---- PROVIDED MATERIAL

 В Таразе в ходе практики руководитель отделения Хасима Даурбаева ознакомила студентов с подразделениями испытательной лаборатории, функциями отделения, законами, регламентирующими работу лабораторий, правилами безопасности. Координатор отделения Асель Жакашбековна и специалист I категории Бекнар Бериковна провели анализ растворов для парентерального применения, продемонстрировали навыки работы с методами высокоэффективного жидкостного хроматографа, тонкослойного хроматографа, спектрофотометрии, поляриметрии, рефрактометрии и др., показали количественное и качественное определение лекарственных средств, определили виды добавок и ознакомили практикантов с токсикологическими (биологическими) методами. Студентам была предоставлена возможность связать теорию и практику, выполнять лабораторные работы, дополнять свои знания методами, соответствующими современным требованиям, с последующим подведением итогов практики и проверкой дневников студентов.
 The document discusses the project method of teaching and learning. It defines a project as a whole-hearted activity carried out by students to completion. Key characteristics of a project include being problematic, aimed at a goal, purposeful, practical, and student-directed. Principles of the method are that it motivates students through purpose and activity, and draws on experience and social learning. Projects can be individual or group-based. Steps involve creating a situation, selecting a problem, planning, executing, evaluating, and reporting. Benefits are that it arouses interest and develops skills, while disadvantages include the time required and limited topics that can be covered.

--------
---- PROVIDED MATERIAL

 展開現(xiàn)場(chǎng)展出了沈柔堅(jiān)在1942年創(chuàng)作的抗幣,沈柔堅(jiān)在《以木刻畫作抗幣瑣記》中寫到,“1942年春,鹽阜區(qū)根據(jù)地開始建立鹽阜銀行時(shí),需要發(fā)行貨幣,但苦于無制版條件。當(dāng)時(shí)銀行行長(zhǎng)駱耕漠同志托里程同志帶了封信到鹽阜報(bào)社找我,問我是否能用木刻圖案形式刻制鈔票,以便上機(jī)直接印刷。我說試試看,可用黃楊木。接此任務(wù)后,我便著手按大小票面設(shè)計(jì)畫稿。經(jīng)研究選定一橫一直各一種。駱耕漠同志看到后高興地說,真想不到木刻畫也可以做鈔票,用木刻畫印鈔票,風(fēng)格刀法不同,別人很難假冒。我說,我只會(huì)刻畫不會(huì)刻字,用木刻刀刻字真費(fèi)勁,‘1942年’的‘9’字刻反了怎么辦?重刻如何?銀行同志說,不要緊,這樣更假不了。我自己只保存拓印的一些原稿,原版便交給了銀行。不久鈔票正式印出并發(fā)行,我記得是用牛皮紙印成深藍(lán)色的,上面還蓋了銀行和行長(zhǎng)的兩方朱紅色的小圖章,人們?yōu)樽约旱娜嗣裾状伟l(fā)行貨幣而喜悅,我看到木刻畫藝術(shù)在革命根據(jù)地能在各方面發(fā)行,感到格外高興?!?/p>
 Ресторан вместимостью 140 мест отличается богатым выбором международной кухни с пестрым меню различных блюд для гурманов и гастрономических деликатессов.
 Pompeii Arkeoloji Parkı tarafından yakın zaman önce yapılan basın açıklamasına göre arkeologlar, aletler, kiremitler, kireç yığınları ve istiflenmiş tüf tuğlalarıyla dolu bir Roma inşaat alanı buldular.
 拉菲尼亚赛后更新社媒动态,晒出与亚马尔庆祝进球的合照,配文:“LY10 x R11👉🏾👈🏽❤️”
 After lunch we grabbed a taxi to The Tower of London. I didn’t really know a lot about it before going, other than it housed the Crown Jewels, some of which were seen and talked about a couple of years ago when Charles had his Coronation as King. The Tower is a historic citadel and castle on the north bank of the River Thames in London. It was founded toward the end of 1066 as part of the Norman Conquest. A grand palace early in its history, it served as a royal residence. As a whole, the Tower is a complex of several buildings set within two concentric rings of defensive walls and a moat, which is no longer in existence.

--------
---- PROVIDED MATERIAL

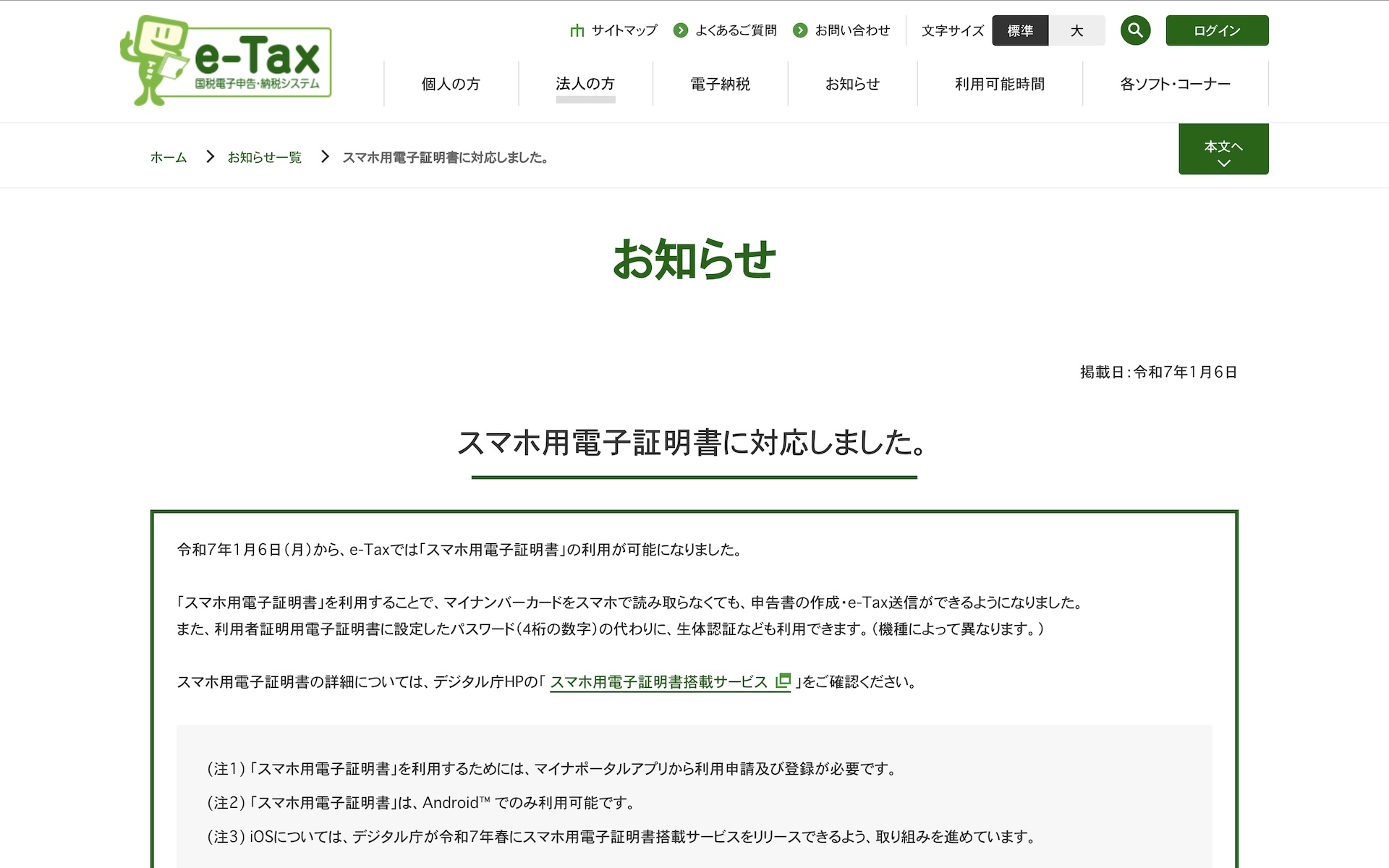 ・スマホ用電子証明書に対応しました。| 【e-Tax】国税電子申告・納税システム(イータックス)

--------

> HOW TO COMPLETE THIS TASK
Above are the lines; repeat exactly the ones from the line containing "В Таразе в ходе" down to the line containing "The document discusses", both inclusive.

> WRITTEN SOLUTION
 В Таразе в ходе практики руководитель отделения Хасима Даурбаева ознакомила студентов с подразделениями испытательной лаборатории, функциями отделения, законами, регламентирующими работу лабораторий, правилами безопасности. Координатор отделения Асель Жакашбековна и специалист I категории Бекнар Бериковна провели анализ растворов для парентерального применения, продемонстрировали навыки работы с методами высокоэффективного жидкостного хроматографа, тонкослойного хроматографа, спектрофотометрии, поляриметрии, рефрактометрии и др., показали количественное и качественное определение лекарственных средств, определили виды добавок и ознакомили практикантов с токсикологическими (биологическими) методами. Студентам была предоставлена возможность связать теорию и практику, выполнять лабораторные работы, дополнять свои знания методами, соответствующими современным требованиям, с последующим подведением итогов практики и проверкой дневников студентов.
 The document discusses the project method of teaching and learning. It defines a project as a whole-hearted activity carried out by students to completion. Key characteristics of a project include being problematic, aimed at a goal, purposeful, practical, and student-directed. Principles of the method are that it motivates students through purpose and activity, and draws on experience and social learning. Projects can be individual or group-based. Steps involve creating a situation, selecting a problem, planning, executing, evaluating, and reporting. Benefits are that it arouses interest and develops skills, while disadvantages include the time required and limited topics that can be covered.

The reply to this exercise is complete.